Supplied material:
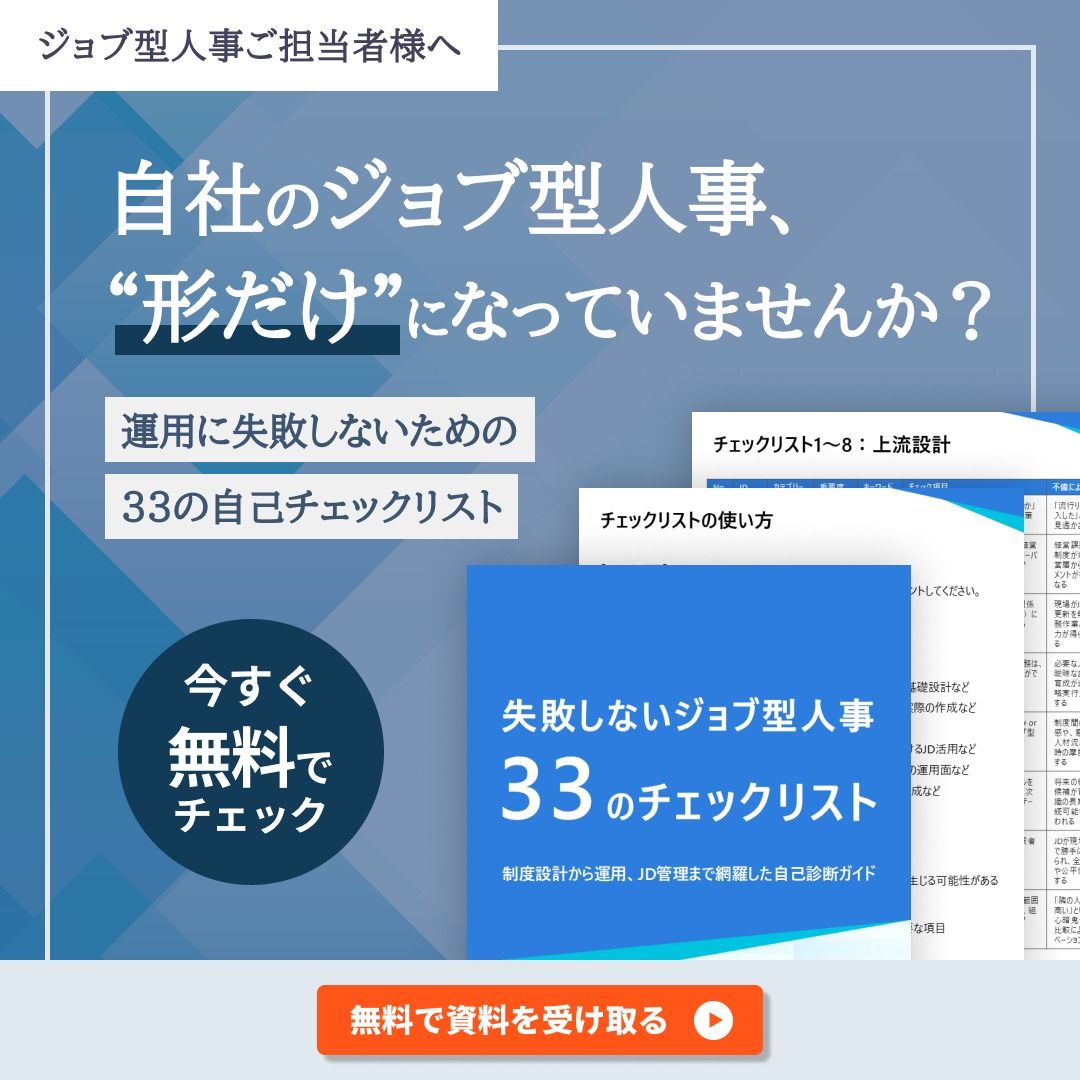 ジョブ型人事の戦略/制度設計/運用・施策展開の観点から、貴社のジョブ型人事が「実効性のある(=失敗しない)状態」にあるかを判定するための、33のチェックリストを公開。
---
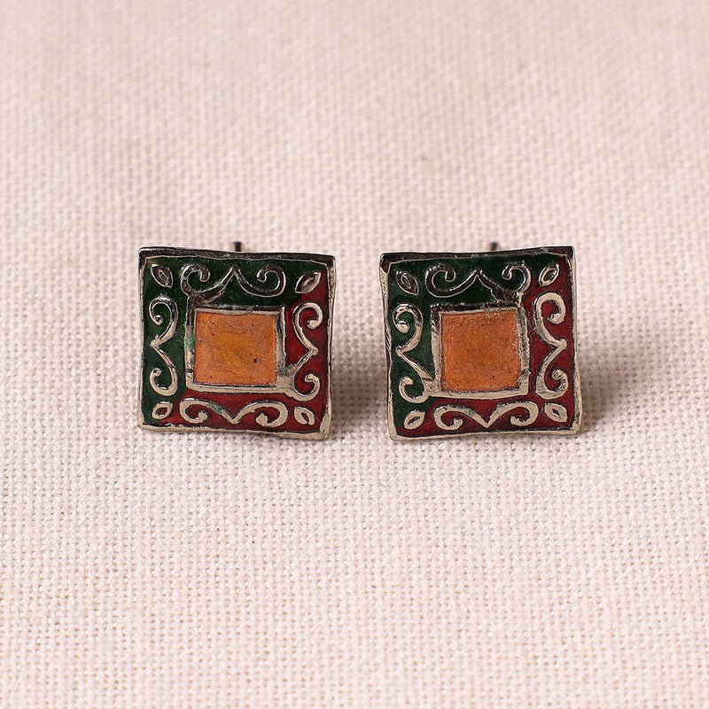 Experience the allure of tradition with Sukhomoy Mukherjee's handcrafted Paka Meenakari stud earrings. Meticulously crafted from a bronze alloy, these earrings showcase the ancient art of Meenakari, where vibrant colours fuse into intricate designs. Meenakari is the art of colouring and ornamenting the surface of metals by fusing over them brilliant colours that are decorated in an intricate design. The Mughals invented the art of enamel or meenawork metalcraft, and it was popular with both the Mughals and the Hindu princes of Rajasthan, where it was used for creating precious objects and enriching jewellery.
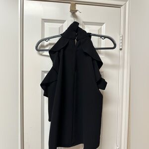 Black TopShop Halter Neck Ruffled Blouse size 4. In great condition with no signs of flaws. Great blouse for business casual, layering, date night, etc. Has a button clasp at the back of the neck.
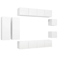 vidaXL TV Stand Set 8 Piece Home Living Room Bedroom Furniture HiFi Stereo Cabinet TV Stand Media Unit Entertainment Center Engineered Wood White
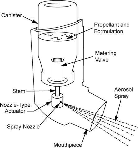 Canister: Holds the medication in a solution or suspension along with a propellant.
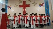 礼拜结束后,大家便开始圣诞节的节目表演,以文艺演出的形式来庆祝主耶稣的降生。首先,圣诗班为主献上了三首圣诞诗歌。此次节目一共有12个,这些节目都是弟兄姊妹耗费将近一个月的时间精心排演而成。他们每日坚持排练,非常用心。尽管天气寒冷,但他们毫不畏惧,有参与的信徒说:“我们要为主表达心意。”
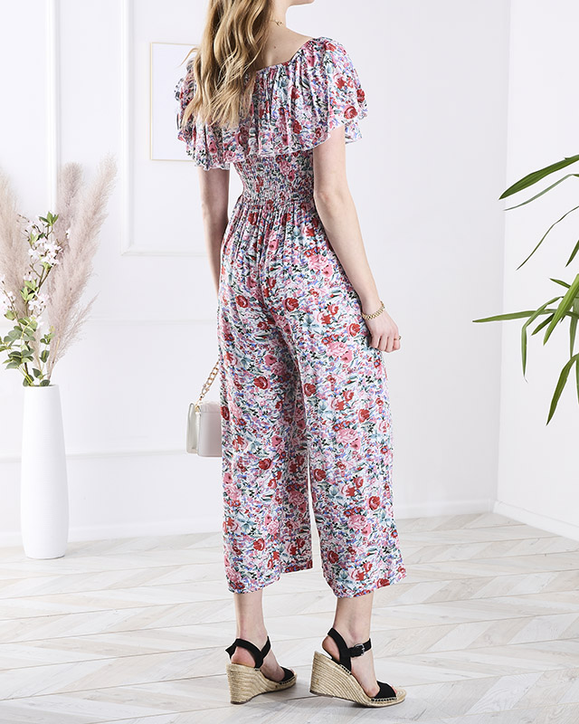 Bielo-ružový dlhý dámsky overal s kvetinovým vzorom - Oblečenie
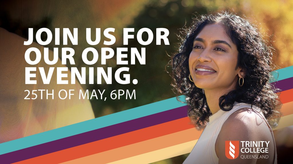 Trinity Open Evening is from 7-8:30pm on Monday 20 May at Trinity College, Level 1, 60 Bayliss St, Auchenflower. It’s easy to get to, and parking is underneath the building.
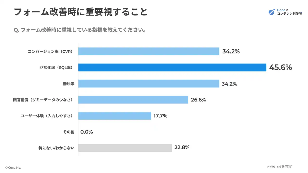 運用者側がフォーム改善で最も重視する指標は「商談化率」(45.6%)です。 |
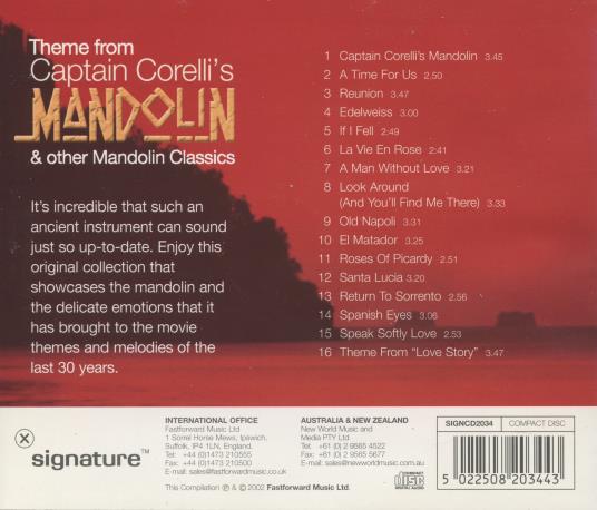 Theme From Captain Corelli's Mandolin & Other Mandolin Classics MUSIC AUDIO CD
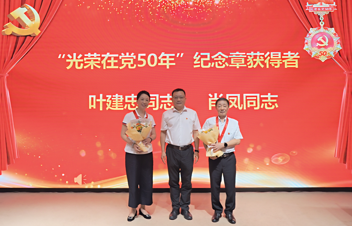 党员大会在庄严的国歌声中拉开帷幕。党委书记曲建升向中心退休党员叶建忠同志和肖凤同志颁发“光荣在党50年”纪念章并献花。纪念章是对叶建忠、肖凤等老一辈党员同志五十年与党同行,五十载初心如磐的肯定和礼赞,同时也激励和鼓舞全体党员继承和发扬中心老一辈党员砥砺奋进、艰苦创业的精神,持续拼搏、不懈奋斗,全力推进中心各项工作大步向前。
--
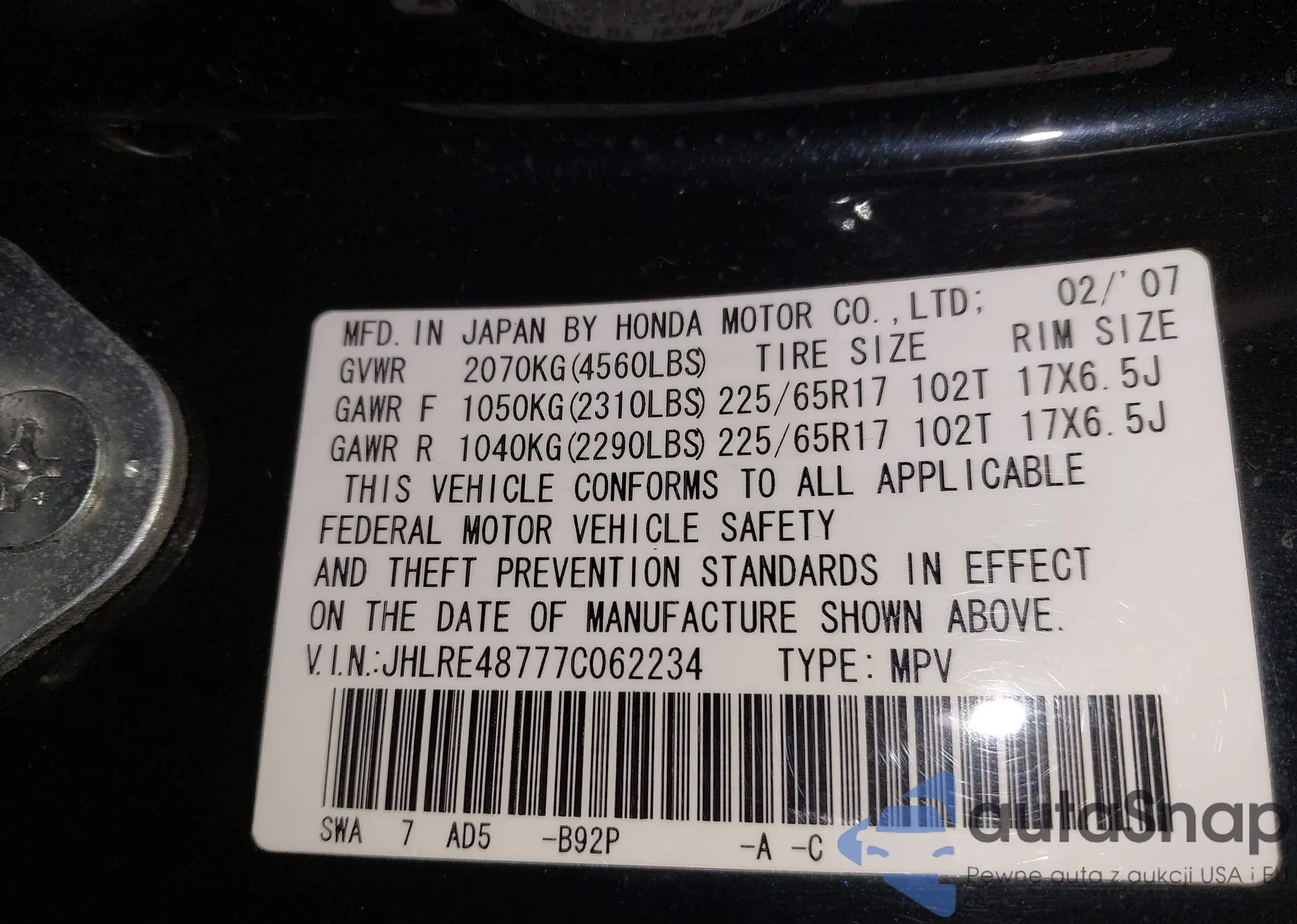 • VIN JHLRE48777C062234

Task goal: Everything from the line above that contains "Experience the allure" down to the line that contains "礼拜结束后,大家便开始圣诞节" must be reproduced exactly, both ends included. Omit the pictures.

Reply:
 Experience the allure of tradition with Sukhomoy Mukherjee's handcrafted Paka Meenakari stud earrings. Meticulously crafted from a bronze alloy, these earrings showcase the ancient art of Meenakari, where vibrant colours fuse into intricate designs. Meenakari is the art of colouring and ornamenting the surface of metals by fusing over them brilliant colours that are decorated in an intricate design. The Mughals invented the art of enamel or meenawork metalcraft, and it was popular with both the Mughals and the Hindu princes of Rajasthan, where it was used for creating precious objects and enriching jewellery.
 Black TopShop Halter Neck Ruffled Blouse size 4. In great condition with no signs of flaws. Great blouse for business casual, layering, date night, etc. Has a button clasp at the back of the neck.
 vidaXL TV Stand Set 8 Piece Home Living Room Bedroom Furniture HiFi Stereo Cabinet TV Stand Media Unit Entertainment Center Engineered Wood White
 Canister: Holds the medication in a solution or suspension along with a propellant.
 礼拜结束后,大家便开始圣诞节的节目表演,以文艺演出的形式来庆祝主耶稣的降生。首先,圣诗班为主献上了三首圣诞诗歌。此次节目一共有12个,这些节目都是弟兄姊妹耗费将近一个月的时间精心排演而成。他们每日坚持排练,非常用心。尽管天气寒冷,但他们毫不畏惧,有参与的信徒说:“我们要为主表达心意。”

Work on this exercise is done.